Wikimedia Foundation, a US-based non-profit organization, which operates the popular Wikipedia, announced yesterday that it raised $25 million in donations during its 2012 fundraiser. The campaign ran on the English-language Wikipedia site for nine full days and collected funds from 1.2 million people across U.S., Canada, Great Britain, Australia and New Zealand.
This is the organization's ninth fund raiser and funds from the campaign will go towards making sure that the user-driven encyclopedia stays ad-free. The donations will help "maintain server infrastructure, support global projects to increase the number of editors, improve and simplify the software that supports our projects, and make Wikipedia accessible globally to billions of people who are just beginning to access the Internet."

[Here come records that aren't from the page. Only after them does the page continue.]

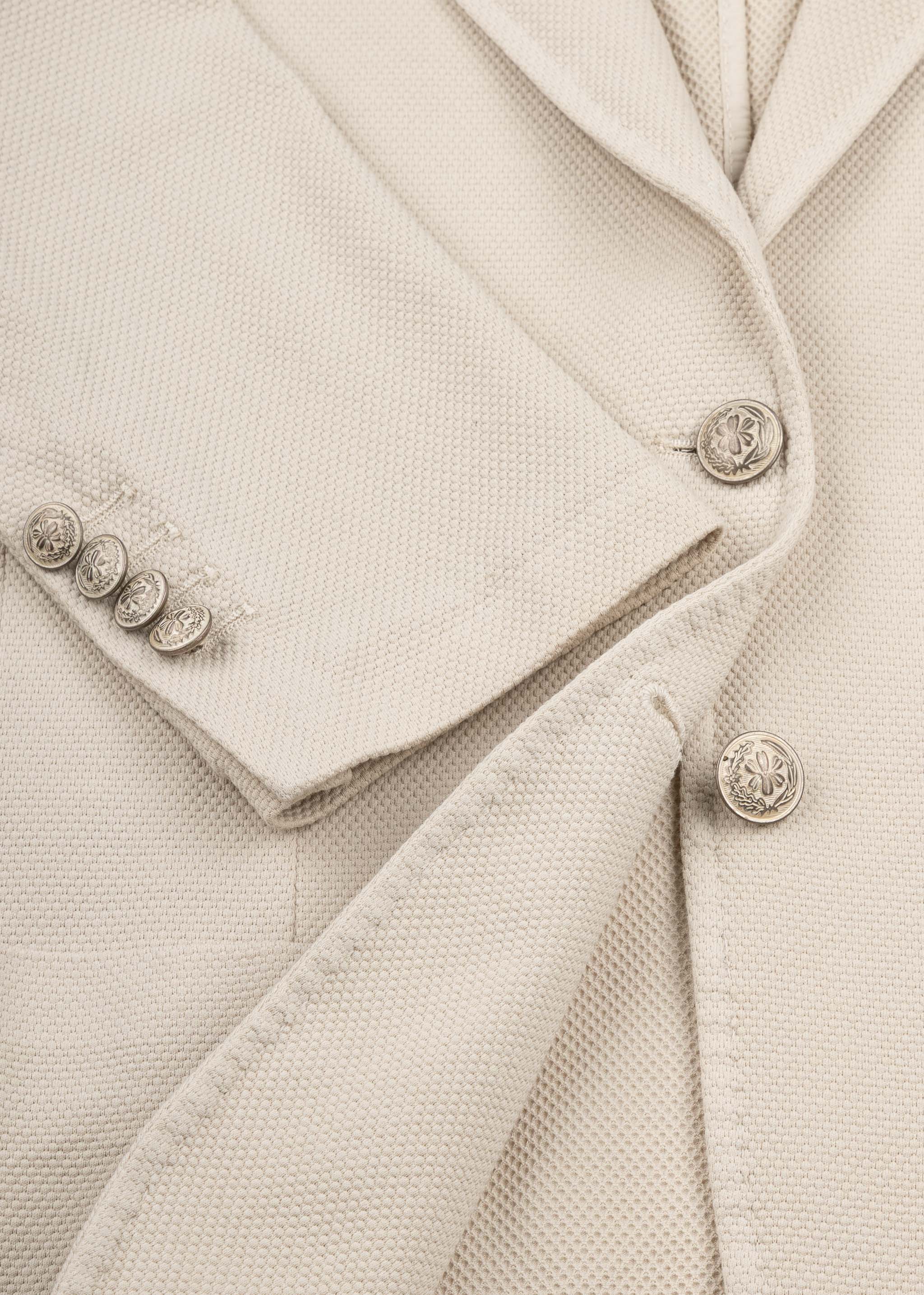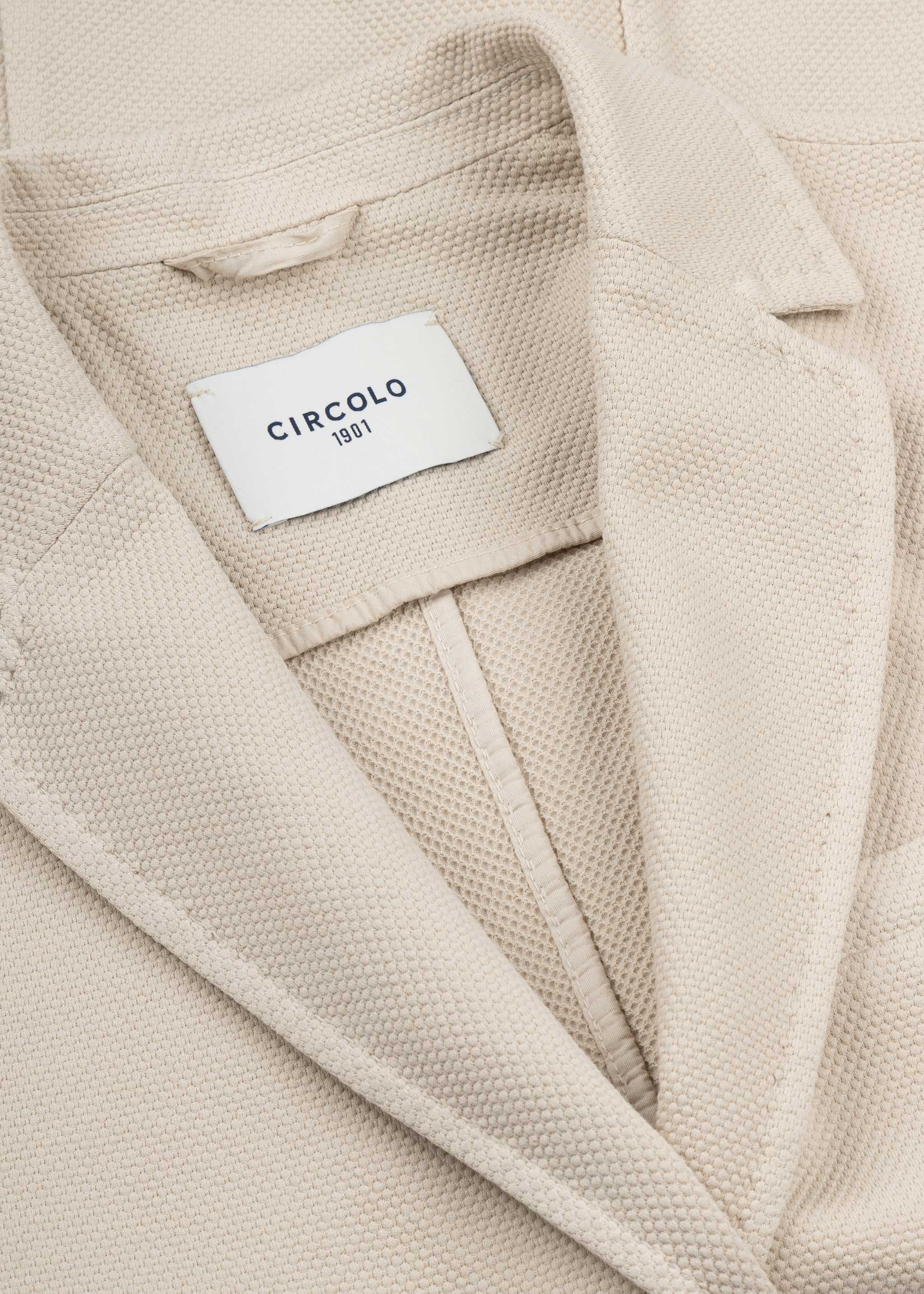 Structured blazer by Circolo 1901, notched lapel, long sleeves with buttoned cuffs, statement buttons, one chest pocket, two patch pockets, darts in the front and back, decorative seams, slightly rounded hem, stretch fabric, unlined.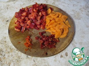 Болгарский перец, морковь, вяленые томаты, жгучий перец без семян нарезать произвольно.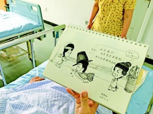 2日下午,孙鹏飞在病房外摔倒,他用Q图记录下了这一幕。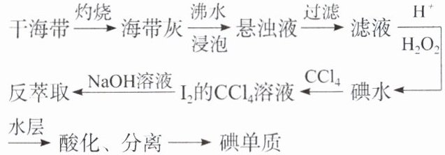 干海带$\xrightarrow{灼烧}$海带灰$\xrightarrow{沸水浸泡}$悬浊液$\xrightarrow{过滤}$滤液$\xrightarrow{H^+}$H₂O₂$\xrightarrow{CCl_4}$碘水$\xrightarrow{NaOH溶液}$反萃取$\xrightarrow{酸化、分离}$碘单质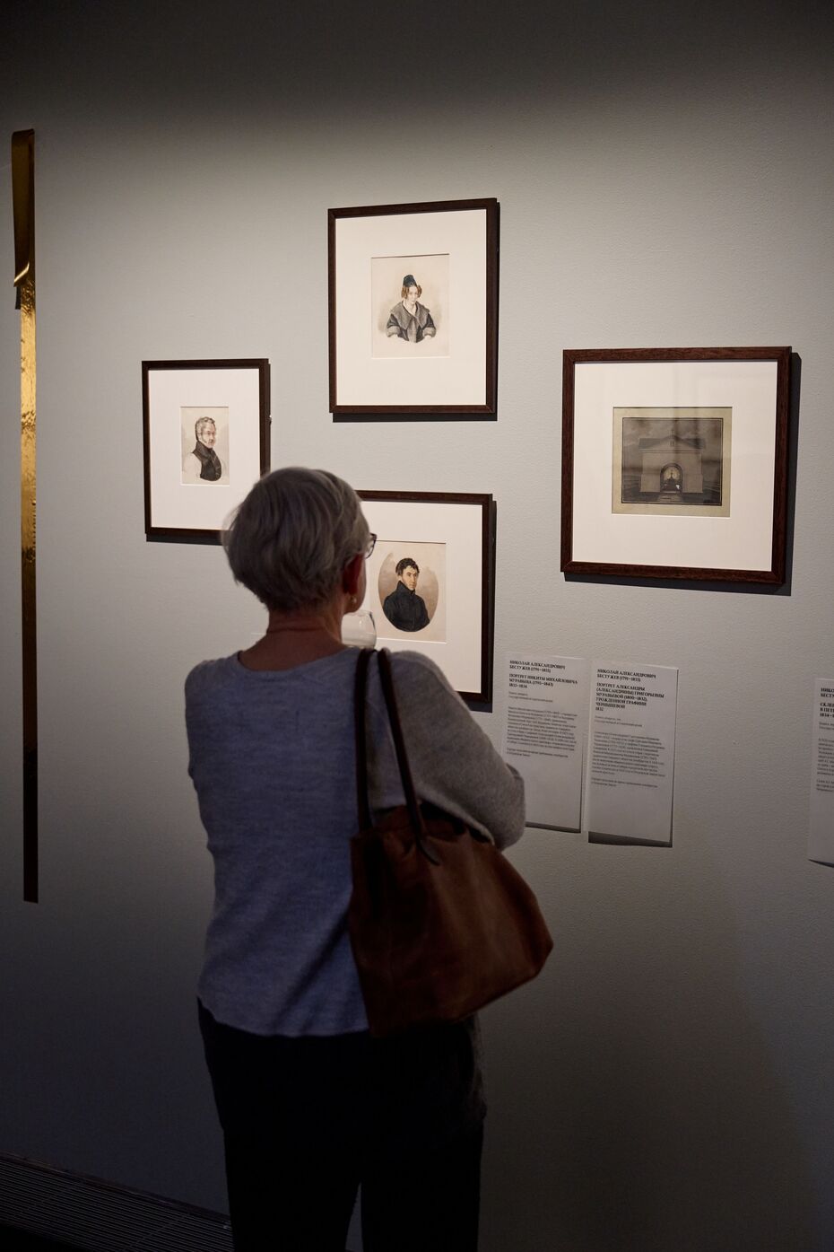 «Это была наша первая работа не в Петербурге. В этот раз, помимо авторского надзора, мы занимались развеской картин. Это было непросто, особенно учитывая, что на выставке представлено большое количество портретов. В итоге всё идеально сложилось: мы видим, что главный персонаж выставки — в окружении родных и своих пейзажей, члены семьи смотрят друг на друга, а друзья — рядом, — рассказала Ева Белоглазова. — Нам было важно не только показать искусство, но и создать особое ощущение у посетителей — чтобы они находились внутри этой эпохи, в кругу тех, кто переживал и творил эпохальные события».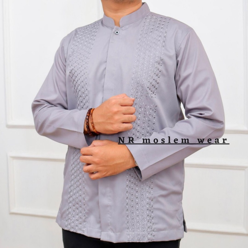 Baju Koko Warna Lengan Panjang Borderan Premium Kode ARK-16

In 2011, it had raised $20 million in 46 days. The most-successful 24-hour period for donations this year brought in $2,365,564 million from 145,573 donors. Material used in this year's campaign will be used in another short fund raising drive which will seek donations from the rest of the world in April 2013.
To express its gratitude towards volunteer contributors, who are the core content generators of the world's largest encyclopedia, the Wikimedia Foundation has started a 'thank you' campaign with short videos that showcase some of the roughly 80,000 volunteer editors, photographers and free-knowledge advocates from around the world who regularly contribute to Wikimedia projects. The campaign started yesterday and will run through the end of the year.
The Wikimedia Foundation also started two other initiatives earlier this year. Wikidata, which is a machine-readable database that can be edited by anyone and Wikiemedia Labs, which will allow volunteers to contribute develop changes in its back-end infrastructure.